Developers should use check_is_fitted
at the beginning of all methods except fit. If they need to customize or
speed-up the check, they can implement the __sklearn_is_fitted__ method as
shown below.
In this example the custom estimator showcases the usage of the
__sklearn_is_fitted__ method and the check_is_fitted utility function
as developer APIs. The __sklearn_is_fitted__ method checks fitted status
by verifying the presence of the _is_fitted attribute.
An example custom estimator implementing a simple classifier#
This code snippet defines a custom estimator class called CustomEstimator
that extends both the BaseEstimator and ClassifierMixin classes from
scikit-learn and showcases the usage of the __sklearn_is_fitted__ method
and the check_is_fitted utility function.
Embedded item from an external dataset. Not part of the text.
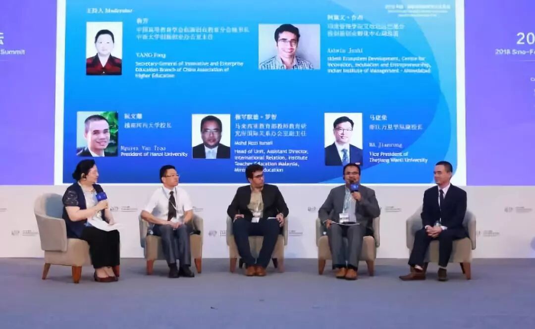 从左至右:浙江万里学院副校长马建荣、印度管理学院艾哈迈达巴德分校创新创业孵化中心副总监阿什文.乔西、马来西亚教育部教师教育研究所国际关系办公室副主任默罕默德·罗智、越南河内大学校长阮文潮参与讨论

# Authors: The scikit-learn developers
# SPDX-License-Identifier: BSD-3-Clause
from sklearn.base import BaseEstimator, ClassifierMixin
from sklearn.utils.validation import check_is_fitted
class CustomEstimator(BaseEstimator, ClassifierMixin):
    def __init__(self, parameter=1):
        self.parameter = parameter
    def fit(self, X, y):
        """
        Fit the estimator to the training data.
        """
        self.classes_ = sorted(set(y))
        # Custom attribute to track if the estimator is fitted
        self._is_fitted = True
        return self
    def predict(self, X):
        """
        Perform Predictions
        If the estimator is not fitted, then raise NotFittedError
        """
        check_is_fitted(self)
        # Perform prediction logic
        predictions = [self.classes_[0]] * len(X)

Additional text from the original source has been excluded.